Allegory identifies patterns in political life too. Students of the American civil rights movement know that civil rights activists found parallels to black American experience in the Exodus story. American poet-activist Paul Lawrence Dunbar uses the Exodus story in his poem “Antebellum Sermon” to sow hope that American white supremacy would, like Pharoah, eventually lose the battle to dehumanize and disenfranchise black people. Dr. Martin Luther King Jr. used Exodus imagery frequently in his speeches to convey the idea that for black Americans, the journey from bondage to freedom would be a painful, protracted process, with movement forward and back, involving extreme privation and suffering, but eventually leading to the Promised Land of equality. Whether it happened or not in history, the Exodus story is true: journeys from bondage to freedom are painful, protracted processes, with movement forward and back, involving extreme privation and suffering. I’d like to claim confidently that these journeys always lead to the Promised Land. But that would have to be taken on faith. Dr. King believed it.
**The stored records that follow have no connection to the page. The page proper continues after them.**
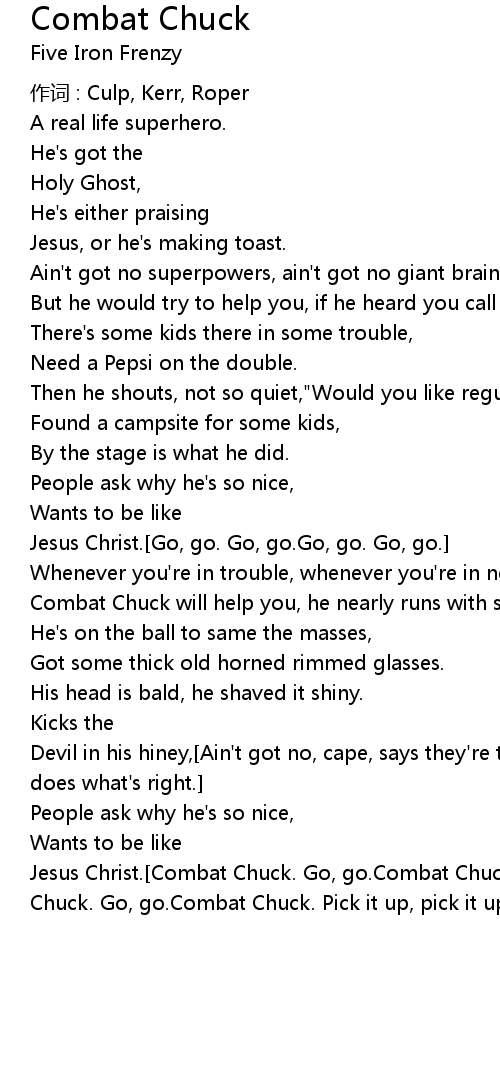 | Jesus Christ. Combat Chuck. Go, go. Combat Chuck. Pick it up, pick it up. Combat Chuck. Go, go. Combat Chuck. Pick it up, pick it up. |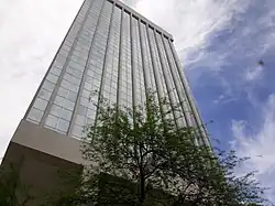 The Bank of America Plaza (formally Arizona Bank Plaza) is a high-rise office building which was built in 1977 and is located in downtown Tucson, Arizona. It was designed by Friedman & Jobusch and built by DEFCO Construction Company.[4] It took over the top spot from the Pima County Legal Services Building, which was the tallest building from 1967 to 1977. It was the tallest building in Tucson from the time of its completion in 1977, until 1986, when the UniSource Energy Tower was completed.[5] It is located at 33 North Stone Avenue, at the southwest corner of Stone Avenue and Pennington Street.[6] The Bank of America Plaza is one of three major skyscrapers in the downtown Tucson area that compose the highest part of the city's skyline, the other two being the One South Church (formerly UniSource Energy Tower) and the Pima County Legal Services Building.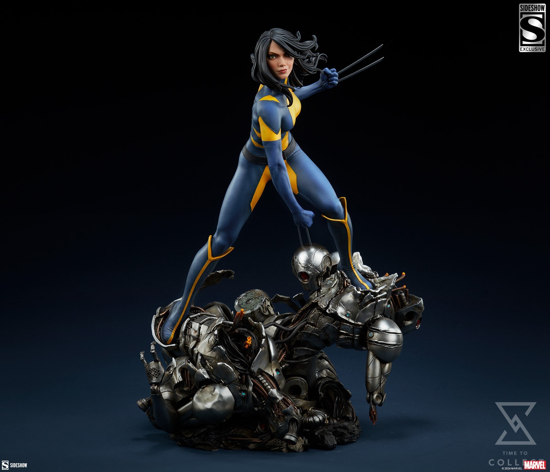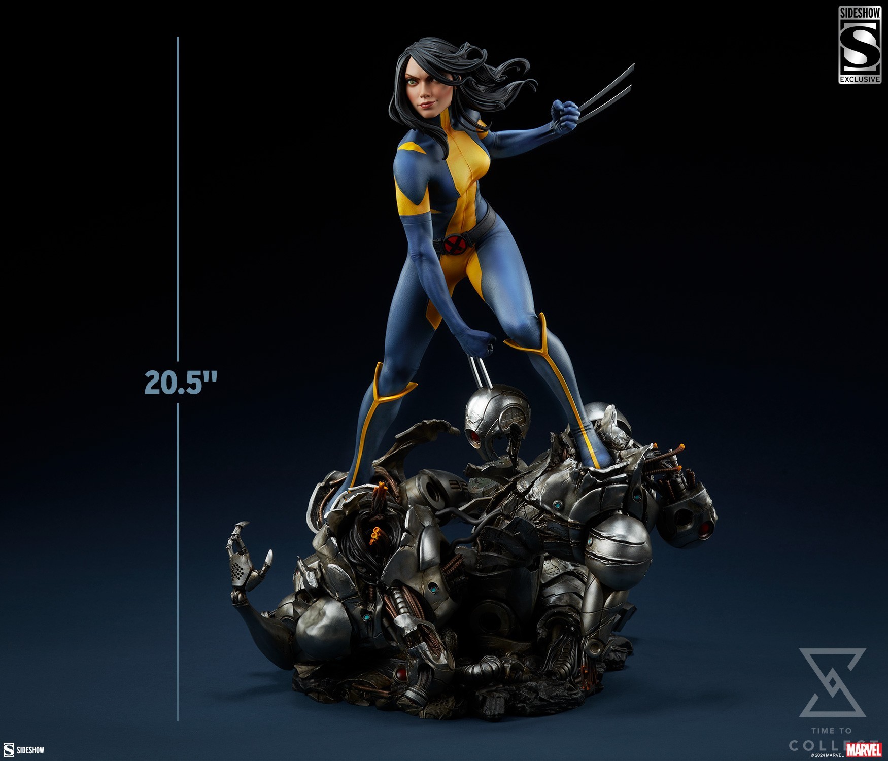 Danger Room drones, meet Laura Kinney’s fists — and fury. Measuring 20.5” tall, 15” wide, and 13.3” deep, the Wolverine: X-23 Uncaged Premium Format Figure finds this legacy mutant at the end of an intense training session. Laura wears her All-New Wolverine era costume while balancing on a metallic mountain of defeated adversaries. She looks ahead with well-earned confidence as her Adamantium claws plunge into a robot’s severed head, dealing the final blow. Simulation complete!

Photo credit: Stephen D. Melkisethian

Photo credit: Stephen D. Melkisethian

King used imagery from Exodus and the Book of Joshua to deliver a parting vision in his last speech, “I’ve Been to the Mountaintop,” given the night before he died. Sounding aware of his own imminent assassination, King says, 

“Well, I don’t know what will happen now. . . . But it really doesn’t matter with me now, because I’ve been to the mountaintop. And I don’t mind. Like anybody, I would like to live a long life; longevity has its place. But I’m not concerned about that now. I just want to do God’s will. And he’s allowed me to go up to the mountain. And I’ve looked over. And I’ve seen the Promised Land. I may not get there with you. But I want you to know tonight, that we, as a people, will get to the Promised Land. So I’m happy, tonight. I’m not worried about anything. I’m not fearing any man. Mine eyes have seen the glory of the coming of the Lord.” By re-purposing the metaphorical language of Exodus, King deftly conveys volumes about the process of moving from social and political oppression to full freedom.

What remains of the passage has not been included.